Maximum VM Density Requires Visibility

Most data centers have fully embraced server virtualization, with many data centers claiming over 50% of their server environment being virtualized. The early success of this technology has been unprecedented in IT terms, but now a key next step should be taken to maximize virtualization’s already impressive ROI. The virtual machine-to-host ratio, also known as “VM density”, has to increase significantly.

Watch our on-demand webinar "Max VM Density Requires Optimal Storage Networking & Operational Transparency"

As we outlined in our paper “The Top 5 Requirements of a Next Generation Storage Network Architecture” today’s storage network is under pressure to perform from all sides. On the compute side IT initiatives like Big Data, scale up databases, as well as server and desktop virtualization, are able to generate more I/O demand than ever. And on the storage side, flash assisted storage systems can now readily respond to that I/O demand.

In the middle is the storage network and it can become the bottleneck if it is not upgraded at the same pace as the compute and storage infrastructures. But as we explain in our paper, increasing bandwidth is only one aspect of the storage network that needs to improve. Administrators also need granular control, visibility, scalability and reliability. Of these visibility is often the most lacking and a case can be made that it is the most important, especially as we ask each host to support an increasing number of virtual machines or an increasing number of users.

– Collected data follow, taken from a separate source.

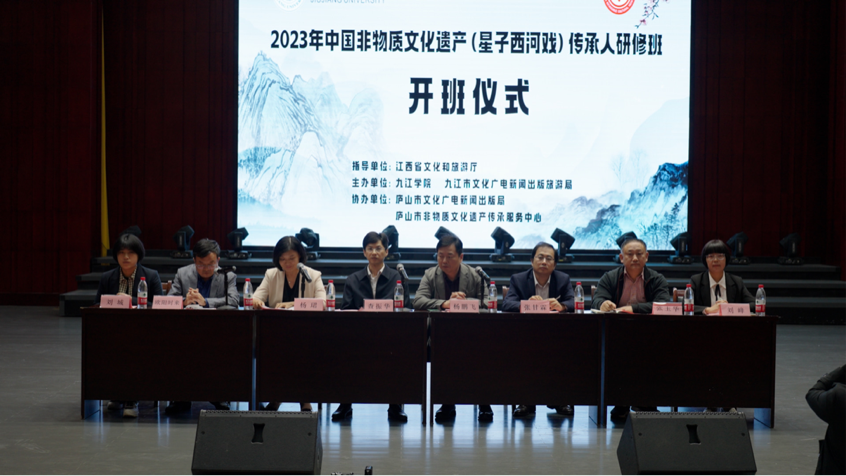 10月8日上午,2023年度中国非物质文化遗产传承人(星子西河戏)研修班在九江学院艺术学院音乐厅举行开班仪式。副校长查振华、江西省文旅厅非遗处副处长杨鹏飞、九江市文广新旅局副局长杨珺出席并讲话。市文旅局、庐山市文广局以及永利yl23411集团官网艺术学院相关负责人和本次研修班任课教师、学员、西河戏传承人参加开班仪式。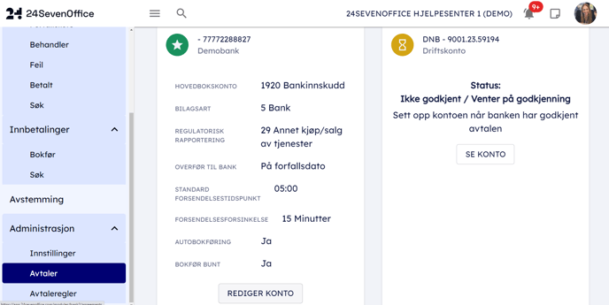 För avtal med DNB kan du enkelt efterbeställa detta i din internetbank genom att besöka följande länk: https://www.dnb.no/bedrift/dagligbank/betaling/tjenestebutikken?erp=24SevenOffice&kontoinfoval=true&innbetalingerval=true&utbetalingerval=true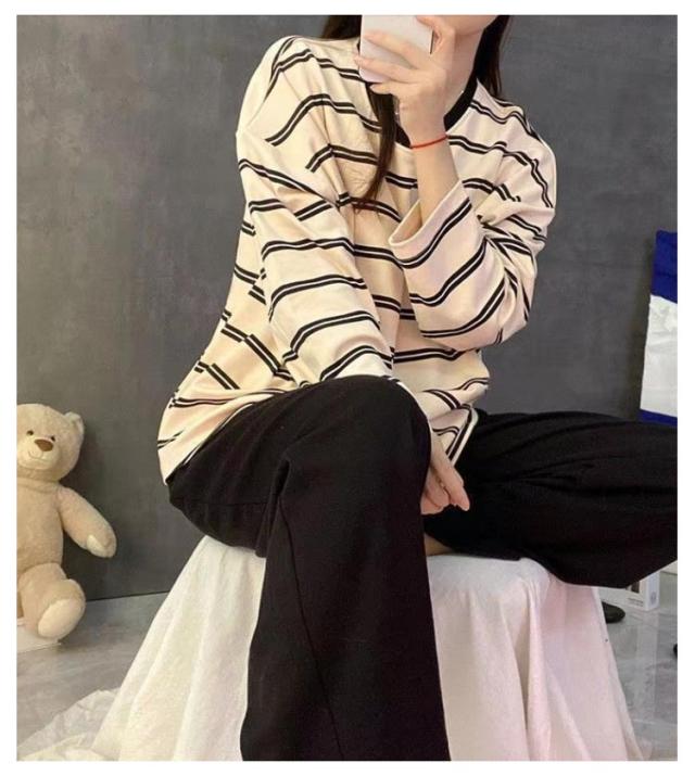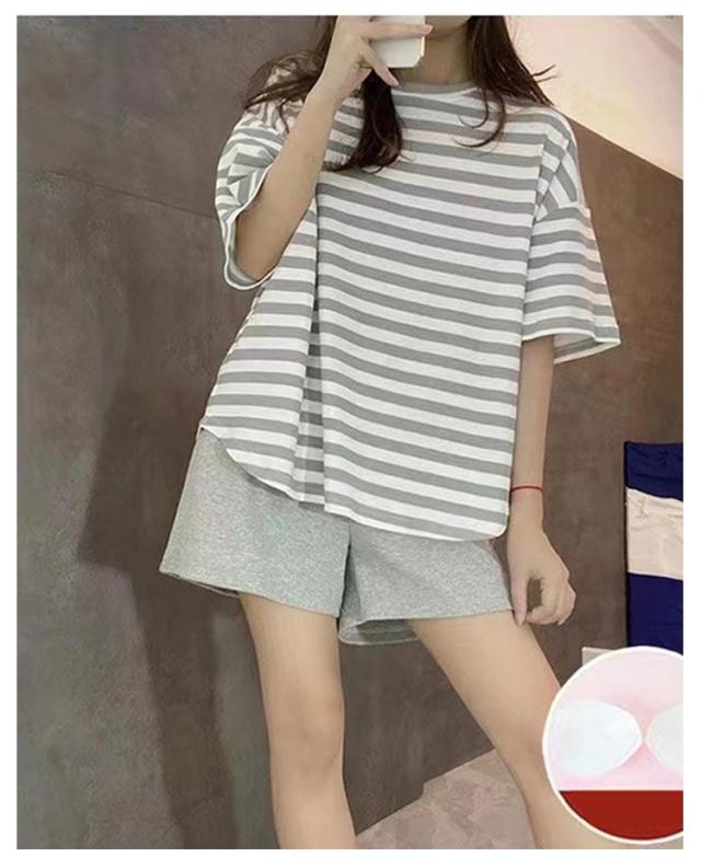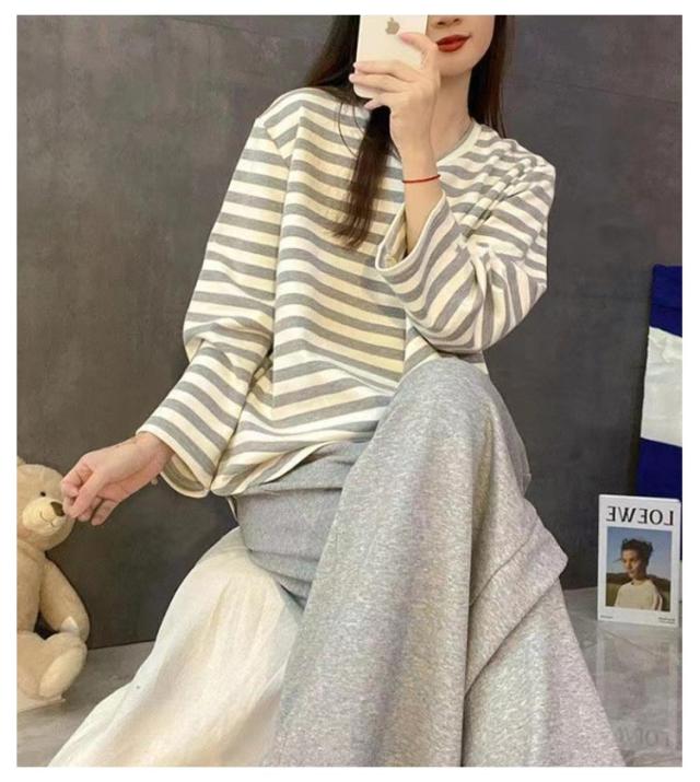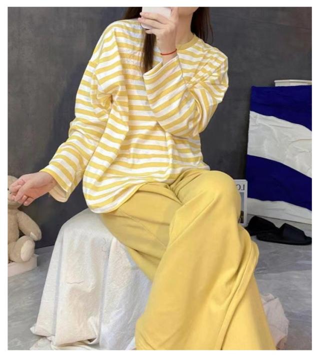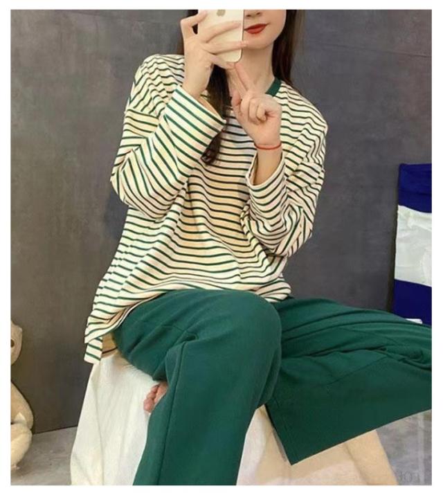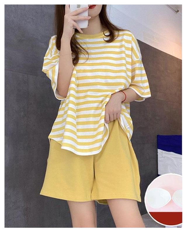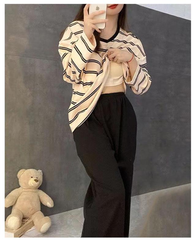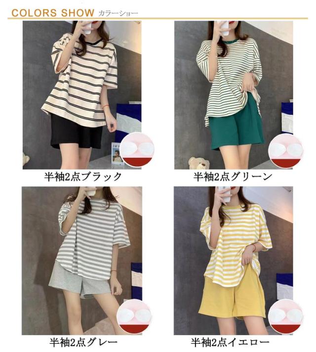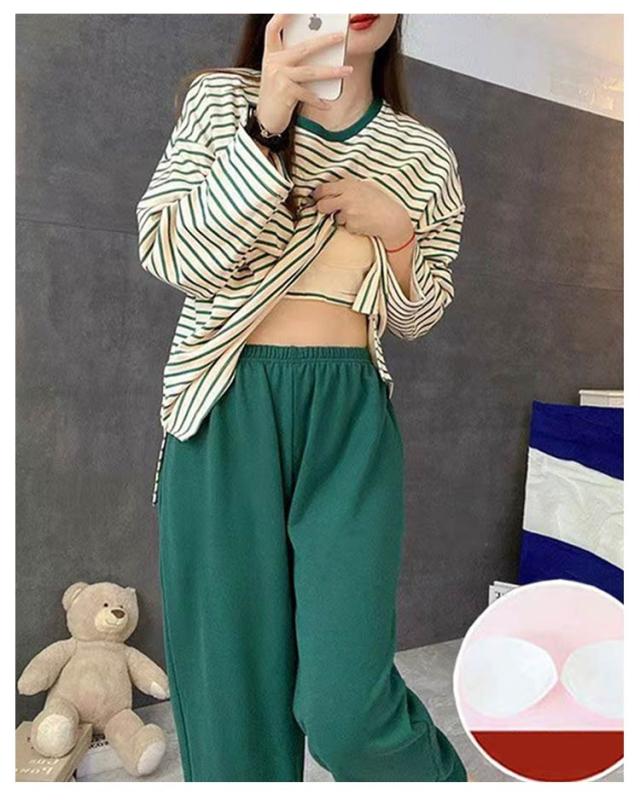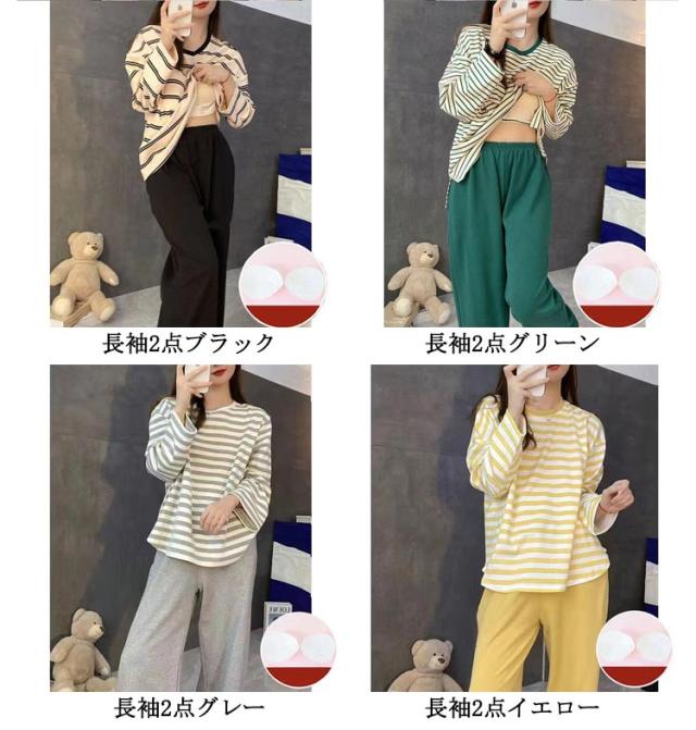 Tシャツ 婦人用 長袖 カップ付き レディース ナイトウェア ルームウェア ロングパンツ リラックス パジャマ パジャマ 寝巻き レディース ボーダー柄 2点セット カップ付きパジャマ 上下セット 部屋着 寝間着 可愛い 通気性 柔らかい 女性用 パジャマ 母の日

Before virtualization, the conventional wisdom in the data center was one application per server. This “shared nothing” topology meant easy troubleshooting and reduced risk if there was a failure somewhere in the environment. But is also meant very poor resource utilization, especially for computing resources.

Virtualization is the cure for under-utilization, especially as data centers move toward greater VM densities. But increasing the number of virtual machines that each host supports also  removes much of the headroom that IT professionals have counted on to accommodate a sudden spike in performance demands. The same challenge is true for database applications that are scaled to meet higher and higher user counts. Dealing with an unexpected spike in demand in a way that it does not impact the user experience is critical.

While the other four requirements of next generation storage networks do help provide more headroom, visibility is required to make sure that the additional bandwidth is being allocated to the virtual machines that actually can take advantage of it. Storage network management should also should provide insight and trending as to what is coming next, so the future spikes in performance can be planned for and managed through. IT is at its best when it is proactive, solving potential performance problems that are on the horizon, not reacting to problems that have already occurred.

You can access our white paper here, and you can listen to our on-demand webinar about how the next generation storage network can increase the virtualization ROI here.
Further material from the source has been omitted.